Wednesday, April 20, 2011

Vengeance (2009)

Written by Ka-Fai Wai
Directed by Johnnie To

Johnnie To has cemented himself as the master of modern Hong Kong action in recent years, with a steady output of fantastic films. Here, he takes the unconventional approach, but ultimately has the same results.

Costello (Johnny Hallyday) comes to China to wreak vengeance on whomever attacked his daughter's family, while she remains in a coma, her husband and children are brutally slain.

Once in Hong Kong, Costello happens upon three men, Kwai (Anthony Wong Chau-Sang), Chu (Ka Tung Lam), and Fat Lok (Suet Lam), who are doing work familiar to Costello. Realizing the task he's up against, in a foreign city, with a foreign dialect, Costello manages to recruit the three men, and his quest for vengeance begins.

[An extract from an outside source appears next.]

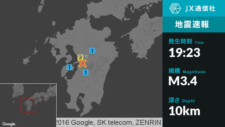 | 震度2 | 八代市, 宇土市, 熊本美里町 |

Johnny To uses gunfights like Tarantino uses dialogue. They often become the bulk of the screen time, but audiences don't mind because they're exciting, and they manage to propel the story forward, which was one of the things that made John Woo famous.

To, to his credit, makes slower, meditative films, punctuated with loud, epic gunfights. This never becomes a gimmick, he uses death and gun violence as the most desperate actions of his most desperate characters.

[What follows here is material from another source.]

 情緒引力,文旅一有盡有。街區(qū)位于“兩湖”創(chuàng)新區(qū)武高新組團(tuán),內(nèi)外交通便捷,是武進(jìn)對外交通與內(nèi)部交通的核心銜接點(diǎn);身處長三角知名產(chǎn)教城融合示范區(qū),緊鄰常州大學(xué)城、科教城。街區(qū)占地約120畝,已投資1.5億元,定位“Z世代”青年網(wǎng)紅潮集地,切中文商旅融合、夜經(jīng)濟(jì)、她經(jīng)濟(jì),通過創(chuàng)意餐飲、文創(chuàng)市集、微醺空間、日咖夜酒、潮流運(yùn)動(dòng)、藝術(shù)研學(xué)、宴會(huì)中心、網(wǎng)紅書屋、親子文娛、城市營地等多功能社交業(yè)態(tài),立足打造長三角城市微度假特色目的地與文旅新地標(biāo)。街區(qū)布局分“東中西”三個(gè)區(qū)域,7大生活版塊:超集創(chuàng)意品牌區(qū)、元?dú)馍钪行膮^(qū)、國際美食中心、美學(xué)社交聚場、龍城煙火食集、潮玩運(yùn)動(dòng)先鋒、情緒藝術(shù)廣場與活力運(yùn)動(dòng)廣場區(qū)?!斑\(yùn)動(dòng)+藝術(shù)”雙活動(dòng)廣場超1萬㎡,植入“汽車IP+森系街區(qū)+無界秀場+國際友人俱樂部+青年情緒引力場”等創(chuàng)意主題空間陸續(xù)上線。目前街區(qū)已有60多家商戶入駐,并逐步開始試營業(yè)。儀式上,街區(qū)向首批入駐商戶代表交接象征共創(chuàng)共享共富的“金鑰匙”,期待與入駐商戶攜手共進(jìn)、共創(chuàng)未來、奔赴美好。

On a technical level, To has one of the best crews in all of HK cinema, top shelf photography is firmly guided by meticulous sets and props. Detail shines through as one of To's strengths, and it's one of the many techniques he uses to tell his stories in few words, preferring to let the images and music speak at the most crucial of moments.

A beautiful, tough film, in spirit it's a flashy John Ford western, at its heart it is a classic Chinese fable of a father's redemption. With French pop artist Johnny Hallyday at the forefront, this could have easily been an international crossover that tanked, thankfully the script and To's direction was able to take full advantage of Hallyday's foreign appearance and personal manner as a theme in the story, as the story comes to study the international language of honor and justice.

Not To's best recent film (that would be Election, in my opinion), but still miles better than many American crime thrillers from the same time frame. The rare film that is both an action film, and a drama film, that remains as exciting as it does intelligent throughout. Also, don't miss a particularly cruel performance from the great Simon Yam in a small role.